● What you are asked to do
Each record, minus any picture, should be returned exactly as written.

Dataset items
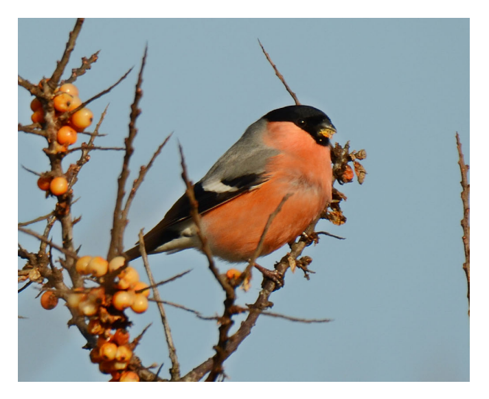
n. Bullfinch (Pyrrhula pyrrhula).
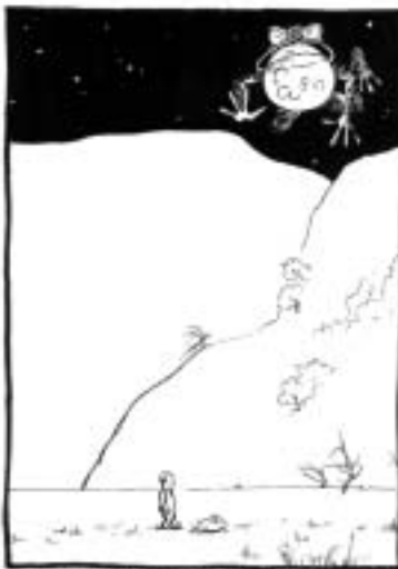
"DID I EVER TELL YOU ABOUT THE FROG-PONY?"
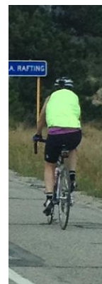
Bicycle signage and cyclists on Byway Buena Vista and Granite
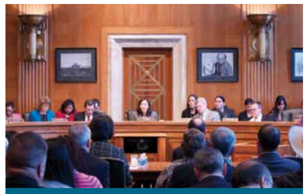
Members of the Senate Committee on Indian Affairs receive testimony from tribal leaders at a Senate hearing on budget issues facing Indian Country.

of acres of land that made the United States what it is today and, in return, tribes have the right of continued self-government and to exist as distinct peoples on their own lands. Part of this trust responsibility includes basic governmental services in Indian Country, funding for which is appropriated in the discretionary portion of the federal budget. As governments, tribes must deliver a wide range of critical services, such as education, workforce development, and first-responder and public safety services to their citizens. The federal budget for tribal governmental services reflects the extent
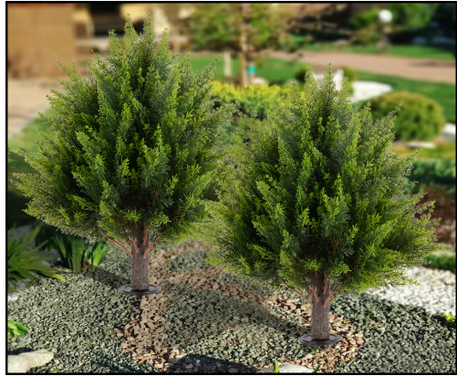
Step 4: Easily installed in soil or decorative planters.
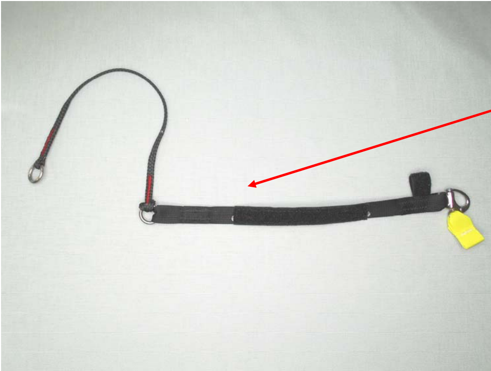
Original RSL for “Reserve Boost” on Wings Reserve Containers.

● Exercise solution
n. Bullfinch (Pyrrhula pyrrhula).
"DID I EVER TELL YOU ABOUT THE FROG-PONY?"
Bicycle signage and cyclists on Byway Buena Vista and Granite
Members of the Senate Committee on Indian Affairs receive testimony from tribal leaders at a Senate hearing on budget issues facing Indian Country.

of acres of land that made the United States what it is today and, in return, tribes have the right of continued self-government and to exist as distinct peoples on their own lands. Part of this trust responsibility includes basic governmental services in Indian Country, funding for which is appropriated in the discretionary portion of the federal budget. As governments, tribes must deliver a wide range of critical services, such as education, workforce development, and first-responder and public safety services to their citizens. The federal budget for tribal governmental services reflects the extent
Step 4: Easily installed in soil or decorative planters.
Original RSL for “Reserve Boost” on Wings Reserve Containers.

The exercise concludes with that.